【LeetCode】Binary Tree Postorder Traversal (3 solutions)

Binary Tree Postorder Traversal

Given a binary tree, return the postorder traversal of its nodes‘ values.

For example:
Given binary tree {1,#,2,3},

   1
         2
    /
   3

return [3,2,1].

Note: Recursive solution is trivial, could you do it iteratively?

解法一：递归法

/**
 * Definition for binary tree
 * struct TreeNode {
 *     int val;
 *     TreeNode *left;
 *     TreeNode *right;
 *     TreeNode(int x) : val(x), left(NULL), right(NULL) {}
 * };
 */
class Solution {
public:
    vector<int> postorderTraversal(TreeNode *root) {
        vector<int> ret;
        postOrder(root, ret);
        return ret;
    }
    void postOrder(TreeNode* root, vector<int>& ret)
    {
        if(root == NULL)
            return;
        postOrder(root->left, ret);
        postOrder(root->right, ret);
        ret.push_back(root->val);
    }
};

解法二：借助栈的非递归回溯解法。
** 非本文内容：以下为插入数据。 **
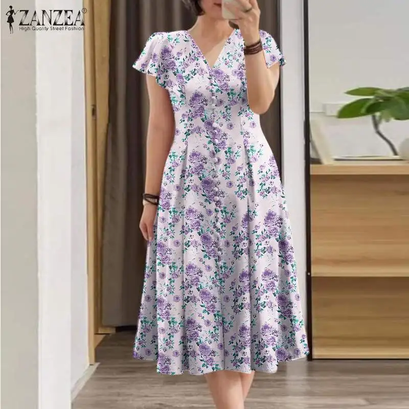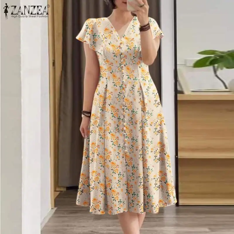 Summer Elegant Dress ZANZEA Fashion V Neck Short Sleeve Party Robe Women Bohemain Printed Sundress Casual Work OL Vestidos 2024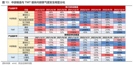 同样景气度分化的现象还发生在TMT之中,通信在经历了2021年的低迷后,2022年迎来显著复苏,全年业绩增速达138.54%;相较之下,传媒与计算机则依然受损严重,全年业绩下滑200%以上。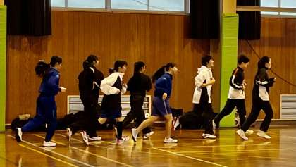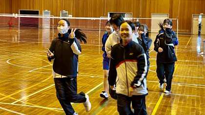 体育館は、男子ハンドボール部が終わり、女子バドミントン部に交替しました。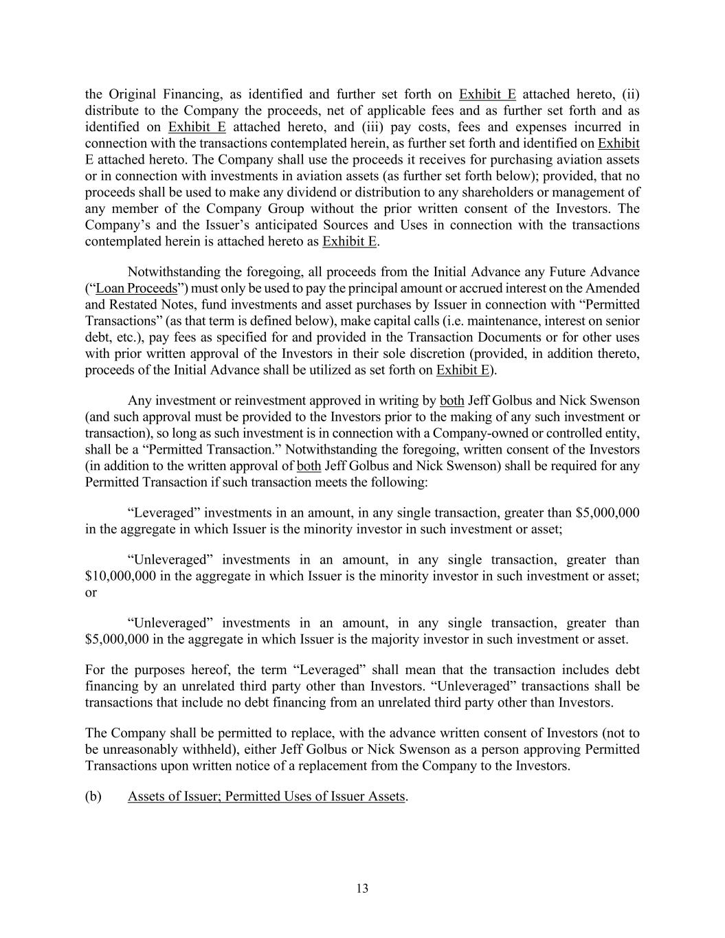 13 the Original Financing, as identified and further set forth on Exhibit E attached hereto, (ii) distribute to the Company the proceeds, net of applicable fees and as further set forth and as identified on Exhibit E attached hereto, and (iii) pay costs, fees and expenses incurred in connection with the transactions contemplated herein, as further set forth and identified on Exhibit E attached hereto. The Company shall use the proceeds it receives for purchasing aviation assets or in connection with investments in aviation assets (as further set forth below); provided, that no proceeds shall be used to make any dividend or distribution to any shareholders or management of any member of the Company Group without the prior written consent of the Investors. The Company’s and the Issuer’s anticipated Sources and Uses in connection with the transactions contemplated herein is attached hereto as Exhibit E. Notwithstanding the foregoing, all proceeds from the Initial Advance any Future Advance (“Loan Proceeds”) must only be used to pay the principal amount or accrued interest on the Amended and Restated Notes, fund investments and asset purchases by Issuer in connection with “Permitted Transactions” (as that term is defined below), make capital calls (i.e. maintenance, interest on senior debt, etc.), pay fees as specified for and provided in the Transaction Documents or for other uses with prior written approval of the Investors in their sole discretion (provided, in addition thereto, proceeds of the Initial Advance shall be utilized as set forth on Exhibit E). Any investment or reinvestment approved in writing by both Jeff Golbus and Nick Swenson (and such approval must be provided to the Investors prior to the making of any such investment or transaction), so long as such investment is in connection with a Company-owned or controlled entity, shall be a “Permitted Transaction.” Notwithstanding the foregoing, written consent of the Investors (in addition to the written approval of both Jeff Golbus and Nick Swenson) shall be required for any Permitted Transaction if such transaction meets the following: “Leveraged” investments in an amount, in any single transaction, greater than $5,000,000 in the aggregate in which Issuer is the minority investor in such investment or asset; “Unleveraged” investments in an amount, in any single transaction, greater than $10,000,000 in the aggregate in which Issuer is the minority investor in such investment or asset; or “Unleveraged” investments in an amount, in any single transaction, greater than $5,000,000 in the aggregate in which Issuer is the majority investor in such investment or asset. For the purposes hereof, the term “Leveraged” shall mean that the transaction includes debt financing by an unrelated third party other than Investors. “Unleveraged” transactions shall be transactions that include no debt financing from an unrelated third party other than Investors. The Company shall be permitted to replace, with the advance written consent of Investors (not to be unreasonably withheld), either Jeff Golbus or Nick Swenson as a person approving Permitted Transactions upon written notice of a replacement from the Company to the Investors. (b) Assets of Issuer; Permitted Uses of Issuer Assets.
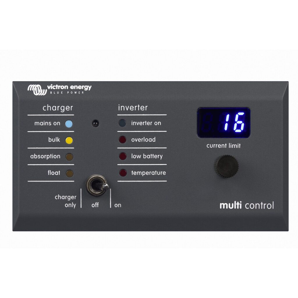 El Digital Multi Control se utiliza para consultar y ajustar de forma remota las corrientes CA de entrada y para encender o apagar los Multis o Quattros. Ha sido diseñado para integrarse limpiamente en el panel de control de su sistema instalado en su barco, en su vehículo o en su hogar.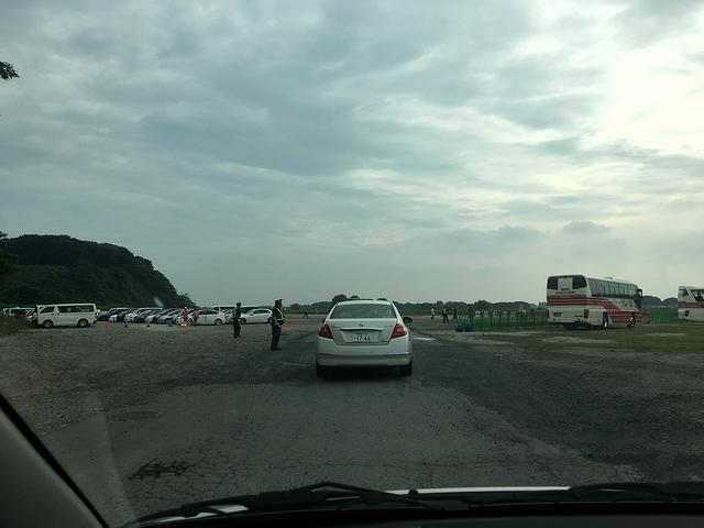 で、ここからシャトルバスに乗って、約10分で球場に到着。途中、球場近くのグリーンベルトはクルマで埋め尽くされていた感がありました。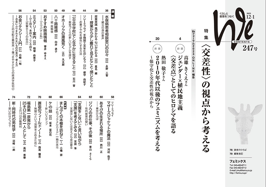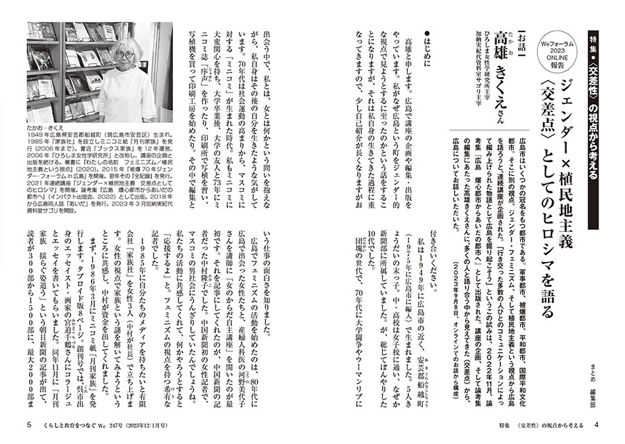 特集はWeフォーラムONLINEの高雄きくえさんと熱田敬子さんのお話。高雄さんの、広島の被害の「記憶の女性化」がもたらしたもの、フェミニズムや植民地主義という視点から見えてきたこと、というお話には多くの気づきがあった。

由于不能在树节点中增加visited成员，所以开辟map进行访问记录。

需要注意的是，出栈（即结束访问）有两种情况：

（1）左右节点均为空，即叶节点

（2）左右节点均已访问过

/**
 * Definition for binary tree
 * struct TreeNode {
 *     int val;
 *     TreeNode *left;
 *     TreeNode *right;
 *     TreeNode(int x) : val(x), left(NULL), right(NULL) {}
 * };
 */

class Solution {
public:
    vector<int> postorderTraversal(TreeNode *root) {
        vector<int> ret;
        if(root == NULL)
            return ret;

        map<TreeNode*, bool> m; //visited
        stack<TreeNode*> s;
        s.push(root);
        m.insert(map<TreeNode*, bool>::value_type(root, true));
        while(!s.empty())
        {
            TreeNode* cur = s.top();

            while(cur->left)
            {
                TreeNode* left = cur->left;
                map<TreeNode*, bool>::iterator it = m.find(left);
                if(it == m.end())
                {//not visited
                    s.push(left);
                    m.insert(map<TreeNode*, bool>::value_type(left, true));
                    cur = left; //down left
                }
                else
                    break;  //cur remains
            }
            if(cur->right)
            {
                TreeNode* right = cur->right;
                map<TreeNode*, bool>::iterator it = m.find(right);
                if(it == m.end())
                {//not visited
                    s.push(right);
                    m.insert(map<TreeNode*, bool>::value_type(right, true));
                    cur = right;    //down right
                }
                else
                {//cur finish
                    ret.push_back(cur->val);
                    s.pop();
                }
            }
            else
            {//cur finish
                ret.push_back(cur->val);
                s.pop();
            }
        }
        return ret;
    }
};

解法三：在Discussion看到一种神一样的解法。

前序是：根左右

后续是：左右跟

因此可以将前序改为根右左，然后逆序为左右根输出。

前序遍历不需要回溯（对应图的深度遍历），是一种半层次遍历，因此效率很高。

/**
 * Definition for binary tree
 * struct TreeNode {
 *     int val;
 *     TreeNode *left;
 *     TreeNode *right;
 *     TreeNode(int x) : val(x), left(NULL), right(NULL) {}
 * };
 */

class Solution {
public:
    vector<int> postorderTraversal(TreeNode *root) {
        vector<int> ret;
        if(root == NULL)
            return ret;

        stack<TreeNode*> s;
        s.push(root);
        while(!s.empty())
        {
            TreeNode* cur = s.top();
            s.pop();
            ret.push_back(cur->val);
            if(cur->left)
                s.push(cur->left);
            if(cur->right)
                s.push(cur->right);
        }
        reverse(ret.begin(), ret.end());
        return ret;
    }
};